Sweden is a lovely and industrious country that takes engineering very seriously; the small Scandinavian country that we know from its boxy but good cars also builds its own fighter jets (pretty good ones actually) and is determined to put its mark on the regulation of standalone software under EU medical devices law. The Swedish competent authority Läkemedelsverket has now issued a new version of the famous Swedish Document with the obvious agenda to influence guidance on standalone software under EU medical devices law in the way it has done before with MEDDEV 2.1/6.
Let’s take a look at the document, keeping in mind that the Swedish authorities tend to want to interpret the scope of ‘medical device’ with regard to standalone software wider than most EU countries. An indication of this is that on p. 17 it is stated that
“It is important to bear in mind that it is both the functionality of a product as well as the intended purpose stated by the manufacturer that determines whether software is qualified as a medical device.”
This is in contradiction with the case law of the European Court of Justice, which recently ruled in the Brain Products case that the intended purpose assigned to a device by the manufacturer determines its status as medical device, and not its functionality. Although the court was not as clear as it could have been – as I have argued – it held that using functionality as a deciding criterion would lead to regulation as medical devices of many devices that could be used as a medical device but are intended for other purposes, so this is the wrong way to interpret the concept of ‘medical device’.
This agenda of Swedish Authorities is pretty transparent when the report goes on to say that
“However, there are information systems for the health care sector where the manufacturer has not defined their device as a medical device, but still it could affect the safety for patients under certain conditions. Health care providers should in these instances still consider if those systems should be handled with the same awareness of safety as if it had been a medical device.”
“On the Swedish market most RIS are for instance CE marked as medical devices.”
In other words, we would actually like to regulate software of which the use in clinical settings could carry risk for patients, even though the report itself says that risk as such can never be a deciding criterion (p. 13). The report also doesn’t mention that the Swedish market is pretty unique in this respect and that this perspective is not shared by most other national authorities in the EU. I have it on good authority that there was also controversy about this between the member states when they were discussing the text for MEDDEV 2.1/6. Just so you know that this is clearly one view at one end of the regulatory spectrum.
As with the initial version the report provides a lot of useful detail and examples. Compared to the existing EU MEDDEV the report contains useful guidance on
- software as service (para 4.1.5), clarifying that this can of course also be a medical device;
- smartphone apps (para 4.1.6), clarifying that an app that qualifies as medical devices does not necessarily makes the phone as such or the combination of the two a medical device; and
- ‘home brew’ standalone software (para. 4.3), clarifying that one should approach this along the lines of the thinking surrounding home brew IVDs.
The appendix to the document is well worth reading and contains several separate annexes on interesting subjects with a lot of practical information and guidelines:
Annex 1. Risk management
Annex 2. Standards and recent development of standards
Annex 3. Clinical evaluation of medical information systems
Annex 4. Networks
Annex 5. Procurement and issues referring to CE marking (most interesting for me personally, as it discusses tendering strategy for software systems)
Annex 6. Product examples (the largest part of the document, with 19 case studies of software examples.
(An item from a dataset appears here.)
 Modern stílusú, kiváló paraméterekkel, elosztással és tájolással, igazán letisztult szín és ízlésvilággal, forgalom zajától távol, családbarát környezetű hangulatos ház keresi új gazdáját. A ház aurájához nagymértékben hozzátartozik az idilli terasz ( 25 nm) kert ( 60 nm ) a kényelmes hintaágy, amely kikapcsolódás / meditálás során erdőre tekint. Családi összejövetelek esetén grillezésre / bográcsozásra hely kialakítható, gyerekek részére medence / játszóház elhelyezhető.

Exercise with caution however, as the Swedish authorities tend to draw the scope of the concept ‘medical device’ wider than others).
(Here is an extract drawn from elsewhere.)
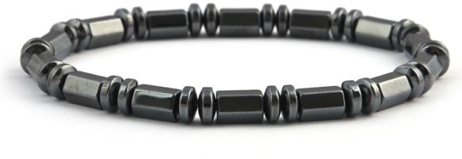 Hematit 8x4-es rövid cső és 6x3,5-es tárcsa felhasználásával készült gumis, férfi karkötő. A hematit ásvány nagy mennyiségben fordul elő Oroszországban, Norvégiában és Magyarországon a Velencei hegységben. Színe csiszolatlanul vörös és sötét szürke. Magas vas-oxid tartalma miatt az ipar használja, de ékszereket és faragványokat is készítenek belőle. Gyógyhatás

All in all a very worthwhile read indeed and guaranteed to provoke discussion in the process surrounding the revision of the standalone software MEDDEV 2.1/6. Also, the annexes provide useful practical examples for the growing apps and other software industry about how conformity assessment for a software medical device works.
However, I think the report could have done better at discussion of the concept of accessory. The report stops at the statement that “[s]tandalone software can, without having a medical purpose of its own, be essential to maintain an intended function of another medical device. It can then be an accessory to a medical device.” This is not a very precise statement at all. I, personally, think that the definition of accessory is extremely important, as the discussion of several examples of modular systems in the report shows when it discusses how non-medical modules can still be regulated as accessories to the medical device module. I think it is even more crucial to develop a position on the concept of accessory in view of the considerable extension in scope in the current proposal for the new regulation on medical devices and the proposal for a new regulation for IVDs to include devices that not only “enable” but also “assist” a medical device in achieving its intended purpose. The definition of this humble little concept will have a severe impact on regulation of standalone software in networks and systems, and, consequently, all eHealth, telemedicine and mHealth services that rely on networks and systems.